Work to complete:
From the listing below, reproduce exactly the lines starting with the one with "the first hole" and going on through the one with "March 2016 - Dismantling", both ends kept. No picture is copied.
^^^^
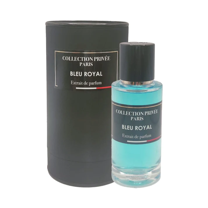 Bleu royal – Collection Privée Paris : Parfum aromatique-boisé alliant notes ambrées, musquées et bois de santal pour une élégance captivante et profonde.
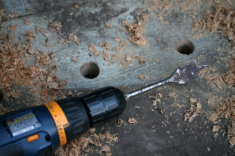 the first hole took the longest to drill, only because the battery was dying and i didn't know it. once i switched out the battery, things went much quicker. still, the wine cask is about 1.5" thick, so it wasn't that easy to drill. i managed to get through 4 holes before the battery finally gave out on the 5th hole. it was getting late anyway (8:15) and i didn't want to be known as that noisy neighbor who uses his power tools in the evening. i'll finish that last hole tomorrow morning, do it quick before anyone realizes what's going on (and avoid being branded as the noisy neighbor who uses his power tools early sunday morning when everyone else is still asleep).
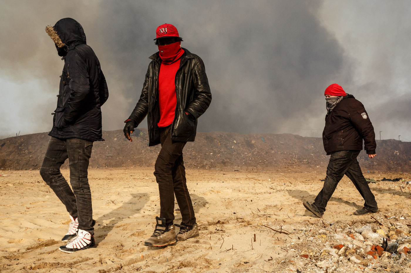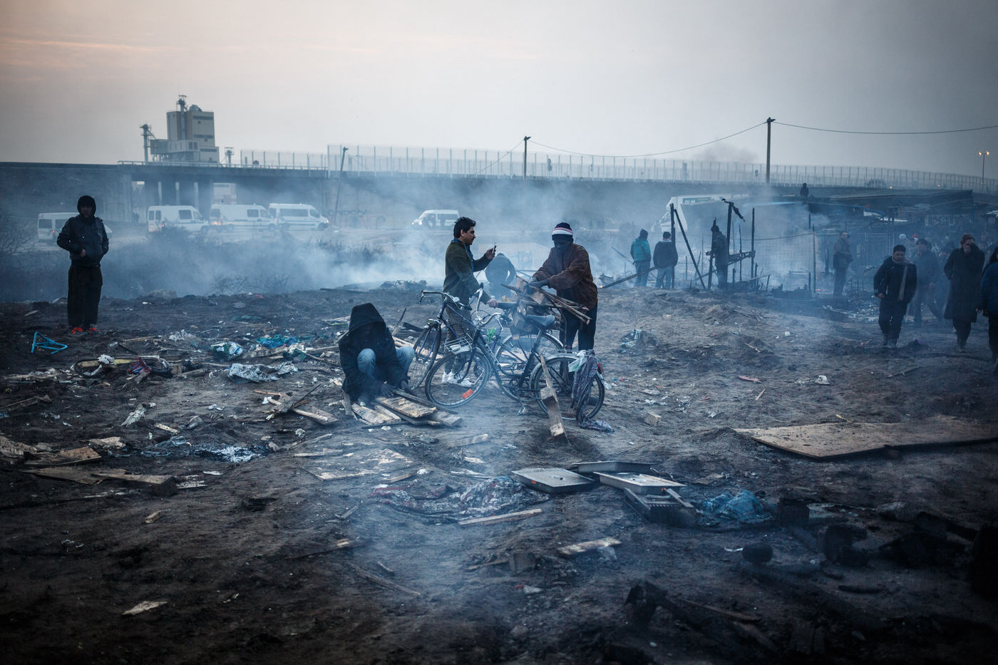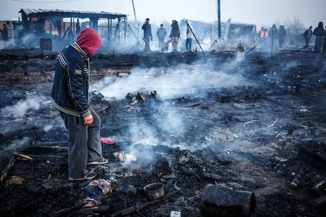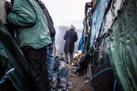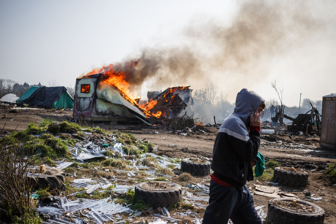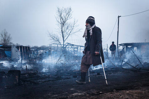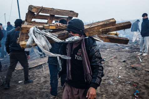 March 2016 - Dismantling the Calais jungle, the largest slum in Europe. Refugees leave their homes in the Calais jungle before they are destroyed by the authorities or the flames.
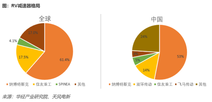 摆线减速器是RV减速器的一种,暂无细分的摆线减速器格局数据,但大致看摆线格局和RV减速器格局类似,全球龙头为纳博特斯克(占比6成)、住友重工、SPINEA,国内龙头为双环传动(子公司环动科技)、飞马等。
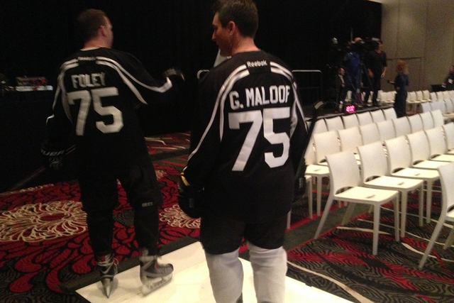 They set up a skating surface in the MGM Grand room for two men’s hockey league players to skate in and then face each other as Gavin Maloof dropped a puck at the news conference to initiate the ticket campaign.
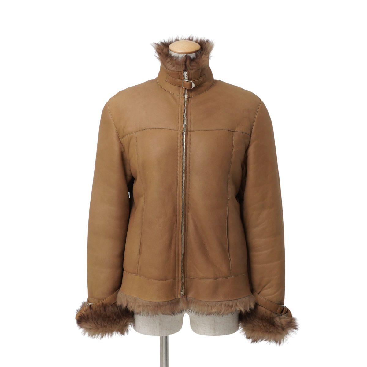 | TJ3826▲イタリア製 Emanuela Shearling ムートンジャケット ライダース 羊革 シープスキン リアルファー 本毛皮 レザー サイズL ブラウン | |||
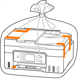 Cuando se transporte la impresora, empaquete la impresora en una bolsa de plástico para que la tinta no se derrame.
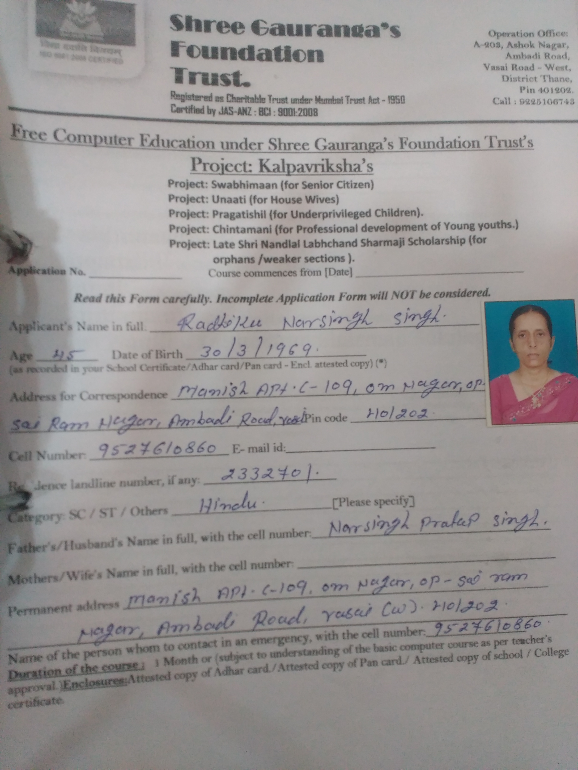 - ZILLA PRESIDENT/SARCHANIST VASAI-VIRAR : BJP
^^^^
Written reply:
 the first hole took the longest to drill, only because the battery was dying and i didn't know it. once i switched out the battery, things went much quicker. still, the wine cask is about 1.5" thick, so it wasn't that easy to drill. i managed to get through 4 holes before the battery finally gave out on the 5th hole. it was getting late anyway (8:15) and i didn't want to be known as that noisy neighbor who uses his power tools in the evening. i'll finish that last hole tomorrow morning, do it quick before anyone realizes what's going on (and avoid being branded as the noisy neighbor who uses his power tools early sunday morning when everyone else is still asleep).
 March 2016 - Dismantling the Calais jungle, the largest slum in Europe. Refugees leave their homes in the Calais jungle before they are destroyed by the authorities or the flames.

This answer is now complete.